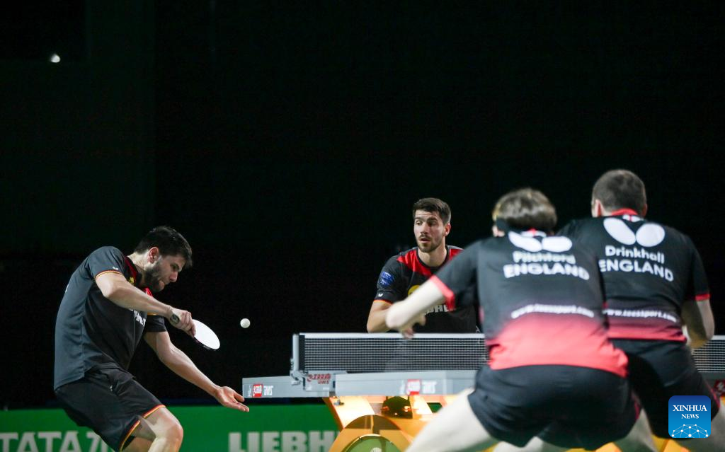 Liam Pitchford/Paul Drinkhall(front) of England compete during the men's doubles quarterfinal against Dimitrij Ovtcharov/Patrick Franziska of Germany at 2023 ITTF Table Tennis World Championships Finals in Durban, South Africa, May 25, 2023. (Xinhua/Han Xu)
========================
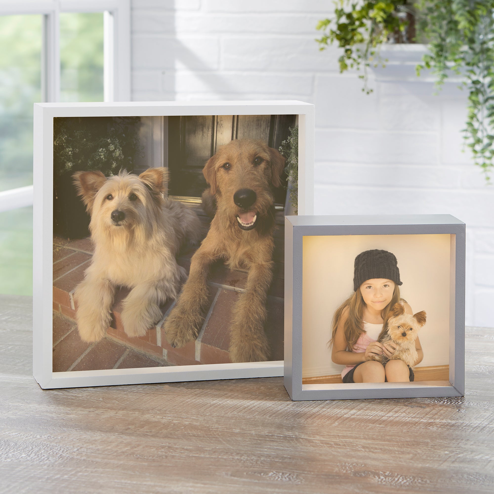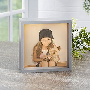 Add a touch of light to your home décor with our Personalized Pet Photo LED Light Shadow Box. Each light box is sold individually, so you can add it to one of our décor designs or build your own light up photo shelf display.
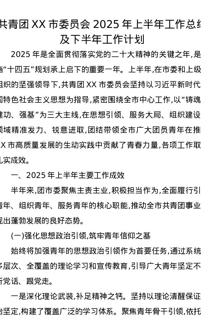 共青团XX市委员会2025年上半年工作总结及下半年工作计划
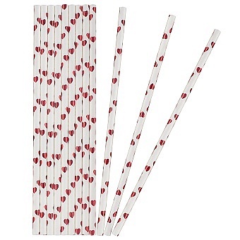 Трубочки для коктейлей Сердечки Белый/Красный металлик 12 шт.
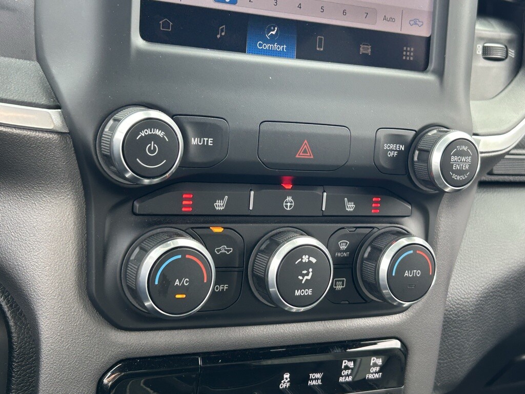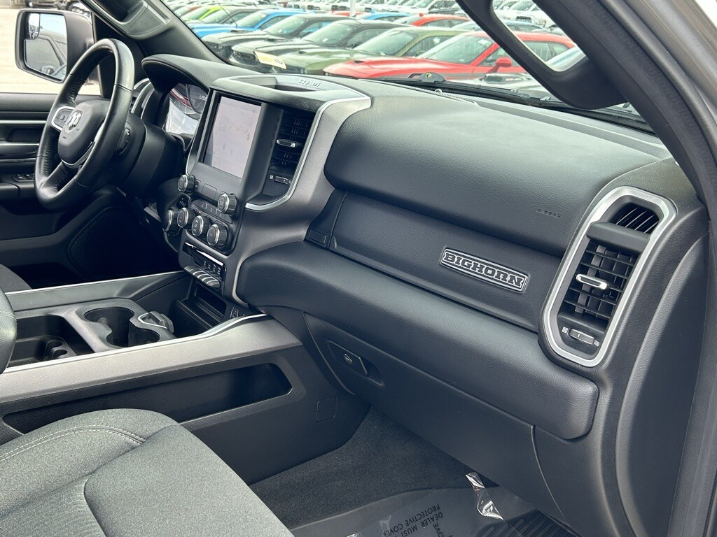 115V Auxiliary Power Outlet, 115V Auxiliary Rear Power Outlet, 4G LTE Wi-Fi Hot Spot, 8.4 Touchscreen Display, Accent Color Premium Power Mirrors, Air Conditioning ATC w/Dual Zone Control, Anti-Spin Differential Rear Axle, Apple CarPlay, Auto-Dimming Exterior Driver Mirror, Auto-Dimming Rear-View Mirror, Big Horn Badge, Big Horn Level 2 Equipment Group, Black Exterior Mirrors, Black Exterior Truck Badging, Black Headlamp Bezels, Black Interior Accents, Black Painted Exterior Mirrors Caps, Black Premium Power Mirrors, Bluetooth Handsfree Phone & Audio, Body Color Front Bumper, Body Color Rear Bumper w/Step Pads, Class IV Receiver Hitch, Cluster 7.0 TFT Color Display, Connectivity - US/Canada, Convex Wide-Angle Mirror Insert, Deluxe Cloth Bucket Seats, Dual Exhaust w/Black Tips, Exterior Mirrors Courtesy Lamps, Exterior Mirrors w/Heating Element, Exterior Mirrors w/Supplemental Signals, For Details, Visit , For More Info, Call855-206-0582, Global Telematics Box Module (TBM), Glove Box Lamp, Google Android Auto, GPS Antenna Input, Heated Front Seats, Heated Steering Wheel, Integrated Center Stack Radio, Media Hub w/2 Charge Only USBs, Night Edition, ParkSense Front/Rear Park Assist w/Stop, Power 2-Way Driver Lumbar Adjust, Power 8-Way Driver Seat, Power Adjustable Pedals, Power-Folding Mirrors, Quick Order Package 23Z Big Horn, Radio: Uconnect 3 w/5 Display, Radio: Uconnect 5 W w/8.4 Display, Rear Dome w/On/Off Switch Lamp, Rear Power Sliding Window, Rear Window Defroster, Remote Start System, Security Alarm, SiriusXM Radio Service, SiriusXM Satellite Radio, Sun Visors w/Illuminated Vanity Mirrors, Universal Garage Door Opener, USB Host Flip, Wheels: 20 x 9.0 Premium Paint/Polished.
========================
How to complete this task: Quote the data above exactly from the line with "Add a touch" to the line with "Трубочки для коктейлей", both ends counted, and nothing else. Pictures don't go in.

The answer:
 Add a touch of light to your home décor with our Personalized Pet Photo LED Light Shadow Box. Each light box is sold individually, so you can add it to one of our décor designs or build your own light up photo shelf display.
 共青团XX市委员会2025年上半年工作总结及下半年工作计划
 Трубочки для коктейлей Сердечки Белый/Красный металлик 12 шт.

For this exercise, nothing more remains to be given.